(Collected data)
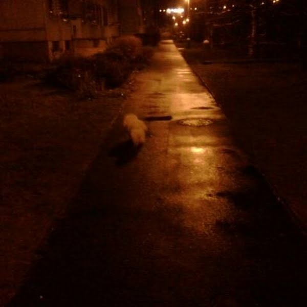 Walking a white dog in the rain
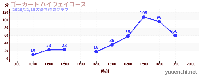 2025/12/19の待ち時間グラフ (ゴーカート ハイウェイコース)
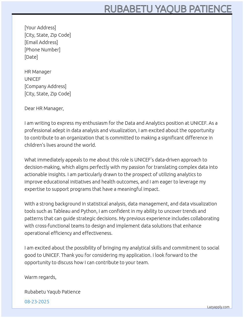 Check out these data and analytics cover letter sample and examples previously used by job seekers to land on job interviews as data and analytics. Use our AI cover letter generator to create a personalized cover letter as data and analytics.
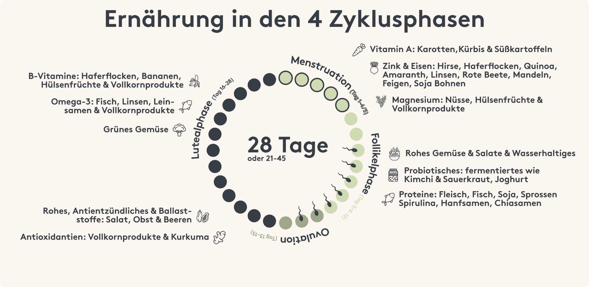 Wichtig: Jeder Mensch hat einen anderen Nährstoffbedarf. Möchtest du Zyklusbeschwerden lindern oder deine Ernährung umstellen, solltest du zunächst mit deinem Arzt oder einem Ernährungsexperten sprechen.
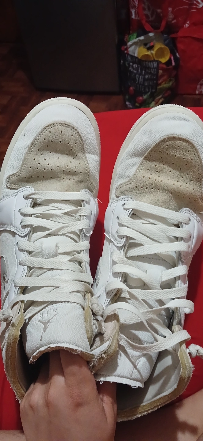 1000+Air Jordan 1 High OG sneakers. Size US 10. Light Bone colorway. The sneakers are clean and disinfected
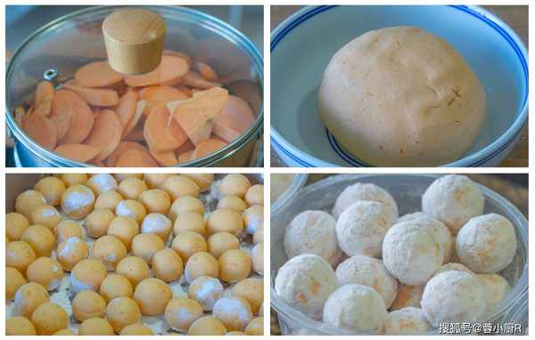 1、紅薯400克,先清洗幹凈,然後去皮切片,切好後直接上鍋蒸,大火15分鐘就熟透瞭,用筷子插一下能插透就可以出鍋瞭,倒出來趁熱加30克白糖,搗成細膩的紅薯泥。
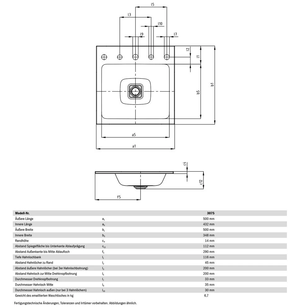 Kaldewei CONO Einbauwaschtisch 3075 mit 1 Hahnlochbohrung, 50 cm
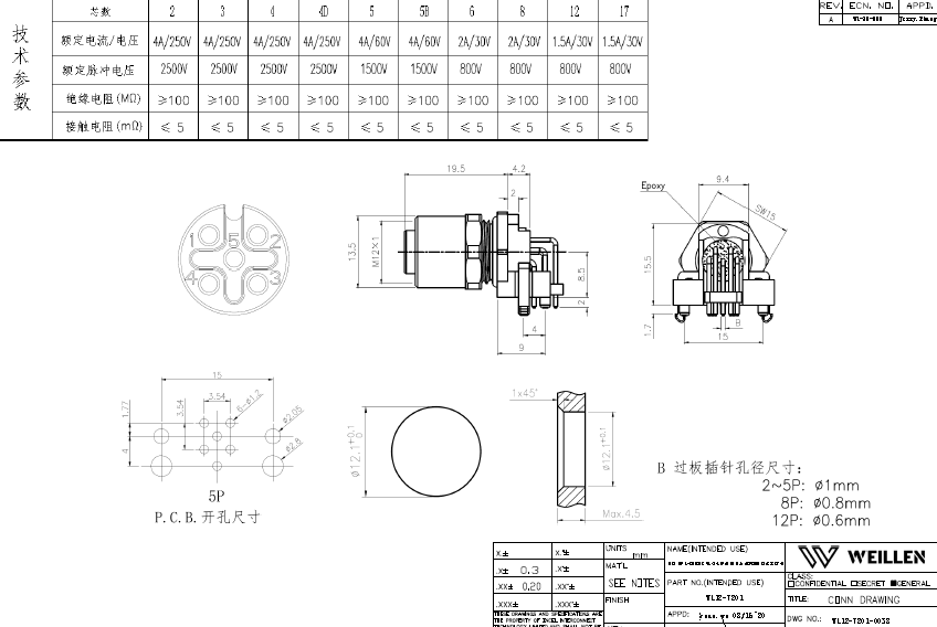 M12 5P A-CODING 母彎頭屏蔽型面板式PCB型連接器 前鎖數據手冊PDF下載
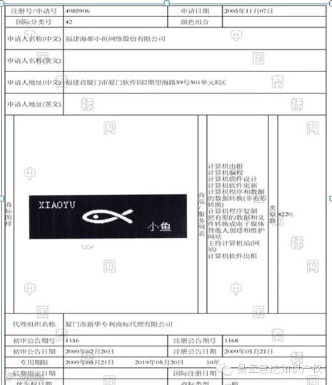 福建海都小鱼网络股份有限公司于2005年11月7日在42类申请“小鱼”商标(小鱼、图形、XIAOYU),于2009年5月21日注册成功。因与该商标核定的服务相近,北京小鱼儿科技有限公司申请的42类商标有可能被驳回。具体信息如下图:
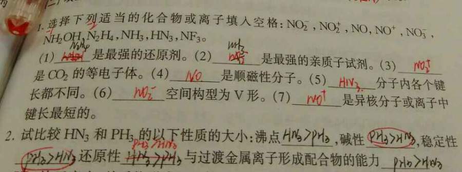 大神帮我看看,第一题的第一个空,为什么联氨是最强的还原剂,我觉得羟氨才是,第二题的第二个空,第三个空都不对,叠氮酸不是容易爆炸吗,稳定性还好吗,求指教 发自小木虫Android客户端 |
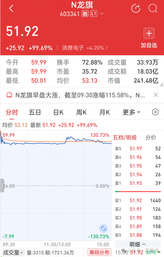 从龙旗科技的上市首日的股价表现来看,当日开盘价为59.99元/股,较发行价暴涨131%;收盘价为51.92元/股,较发行价仍暴涨99.69%;以收盘价计算,龙旗科技的市值约241.48亿元,仅有与其业务模式类似的华勤技术(532.01亿元)一半不到,同样也不到闻泰科技(508.56亿元)的一半。
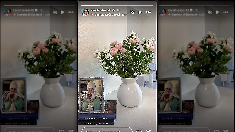From the White House to keeping house? Karoline Leavitt has been increasingly showing signs that she's beyond caring about being press secretary — a less polished appearance, snappiness toward reporters — and a pic she posted over the weekend offered the biggest hint yet. On her July 20, 2025, Instagram Stories, Leavitt shared a still-life photo from an unidentified area of her chicly minimalist house. The image featured a vase of flowers, a framed photo of her son, Niko, and two books: "Theology of Home" and "Theology of Home II." For background music, the Trump staffer chose "Little Things," an instrumental piece frequently used to accompany videos of cute babies, pets, and toddlers. It was a post with lots going on beneath the surface.
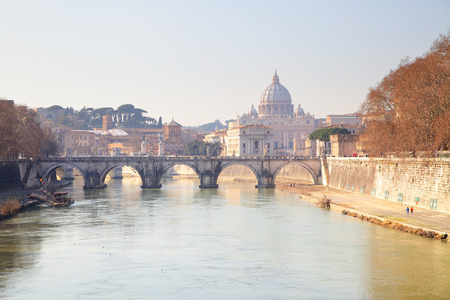 View to the St. Peter's basilica from the Tiber river in Rome, Italy.
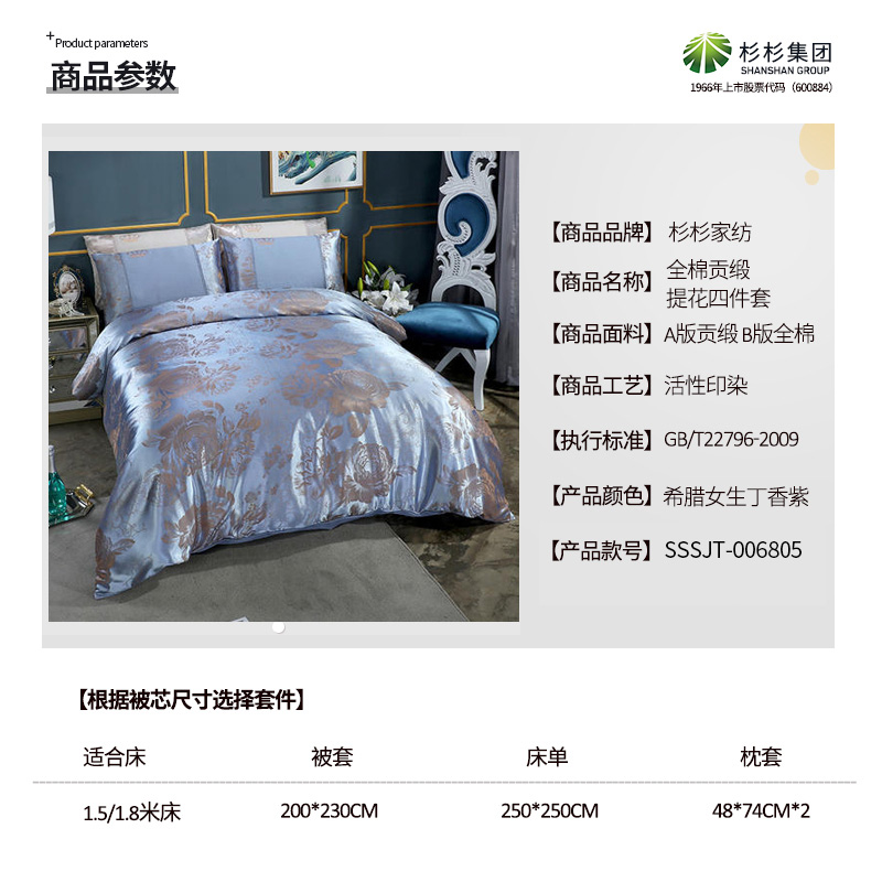 全棉贡缎提花四件套【全棉/希腊女生丁香紫】
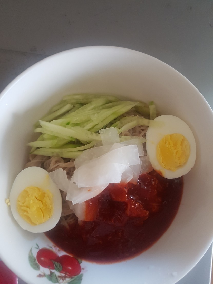 20.04.02 383 읽음 냠냠 점심시간😋 비빔 냉면 희야1113 구독하기 4 19 콘텐츠의 수익 53 오늘 점심 매뉴는 생가득 함흥비빔냉면 ㅎ 🍲세끼 중 한번은 면을 먹네요. ㅠ면을 조금더 삶았더니 조금 퍼졌지만 매콤달콤맛나게 먹었습니다.🍳👍👍 즐거운 점심시간 되시고 오늘 하루도 아자아자 화이팅~구성은 면사리, 양념장, 기름장, 무초절임이 있어요여기에 냉면육수 하나 사서 같이 먹으면 좋아요~^^ 19 0 / 300 입력
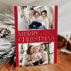Modern Christmas 2 Photo Red and Gold Foil Holiday Card
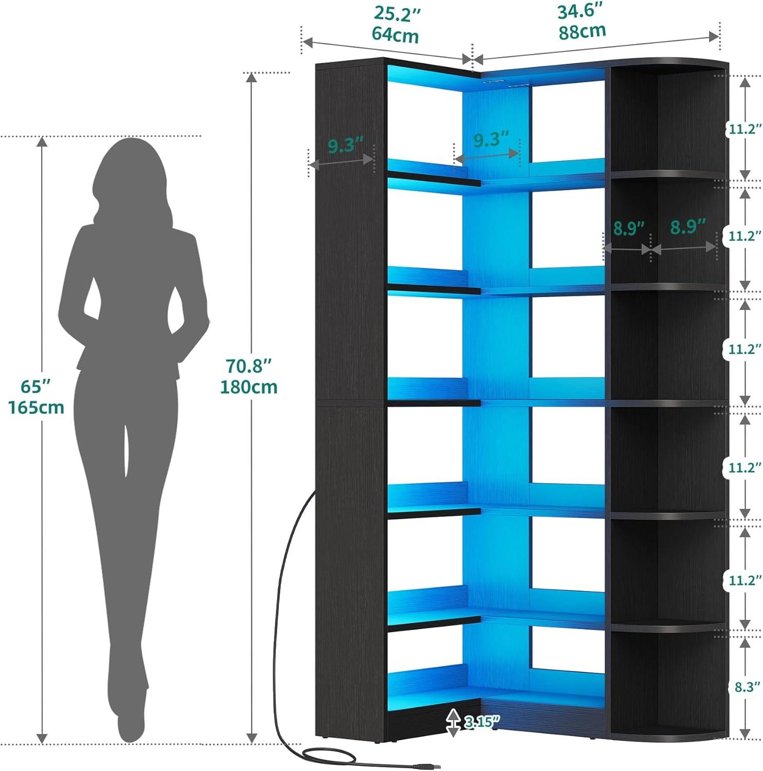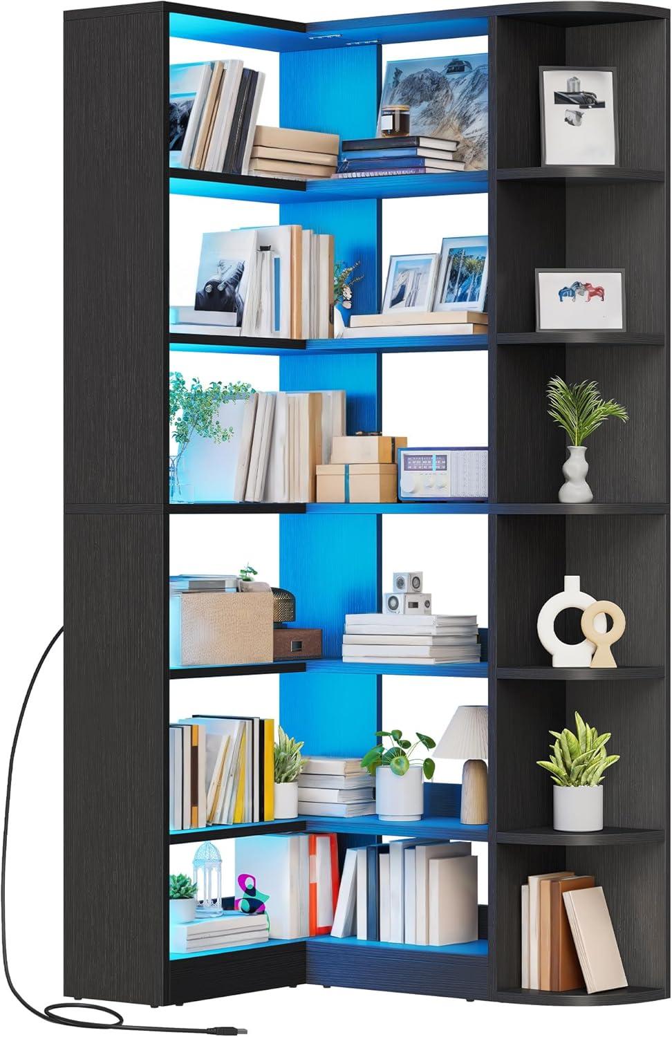 YITAHOME Corner Bookshelf and Bookcase with LED Light, Black Bookshelf 6 Tier Corner Shelf L-Shaped Bookcase Storage Display Shelf for Home Office, Living Room, Bedroom, Black(White)

**Try it**
With all pictures omitted, return exactly the lines from the one containing "Kaldewei CONO Einbauwaschtisch" through the end of the entries above.

**Output**
 Kaldewei CONO Einbauwaschtisch 3075 mit 1 Hahnlochbohrung, 50 cm
 M12 5P A-CODING 母彎頭屏蔽型面板式PCB型連接器 前鎖數據手冊PDF下載
 福建海都小鱼网络股份有限公司于2005年11月7日在42类申请“小鱼”商标(小鱼、图形、XIAOYU),于2009年5月21日注册成功。因与该商标核定的服务相近,北京小鱼儿科技有限公司申请的42类商标有可能被驳回。具体信息如下图:
 大神帮我看看,第一题的第一个空,为什么联氨是最强的还原剂,我觉得羟氨才是,第二题的第二个空,第三个空都不对,叠氮酸不是容易爆炸吗,稳定性还好吗,求指教 发自小木虫Android客户端 |
 从龙旗科技的上市首日的股价表现来看,当日开盘价为59.99元/股,较发行价暴涨131%;收盘价为51.92元/股,较发行价仍暴涨99.69%;以收盘价计算,龙旗科技的市值约241.48亿元,仅有与其业务模式类似的华勤技术(532.01亿元)一半不到,同样也不到闻泰科技(508.56亿元)的一半。
From the White House to keeping house? Karoline Leavitt has been increasingly showing signs that she's beyond caring about being press secretary — a less polished appearance, snappiness toward reporters — and a pic she posted over the weekend offered the biggest hint yet. On her July 20, 2025, Instagram Stories, Leavitt shared a still-life photo from an unidentified area of her chicly minimalist house. The image featured a vase of flowers, a framed photo of her son, Niko, and two books: "Theology of Home" and "Theology of Home II." For background music, the Trump staffer chose "Little Things," an instrumental piece frequently used to accompany videos of cute babies, pets, and toddlers. It was a post with lots going on beneath the surface.
 View to the St. Peter's basilica from the Tiber river in Rome, Italy.
 全棉贡缎提花四件套【全棉/希腊女生丁香紫】
 20.04.02 383 읽음 냠냠 점심시간😋 비빔 냉면 희야1113 구독하기 4 19 콘텐츠의 수익 53 오늘 점심 매뉴는 생가득 함흥비빔냉면 ㅎ 🍲세끼 중 한번은 면을 먹네요. ㅠ면을 조금더 삶았더니 조금 퍼졌지만 매콤달콤맛나게 먹었습니다.🍳👍👍 즐거운 점심시간 되시고 오늘 하루도 아자아자 화이팅~구성은 면사리, 양념장, 기름장, 무초절임이 있어요여기에 냉면육수 하나 사서 같이 먹으면 좋아요~^^ 19 0 / 300 입력
Modern Christmas 2 Photo Red and Gold Foil Holiday Card
 YITAHOME Corner Bookshelf and Bookcase with LED Light, Black Bookshelf 6 Tier Corner Shelf L-Shaped Bookcase Storage Display Shelf for Home Office, Living Room, Bedroom, Black(White)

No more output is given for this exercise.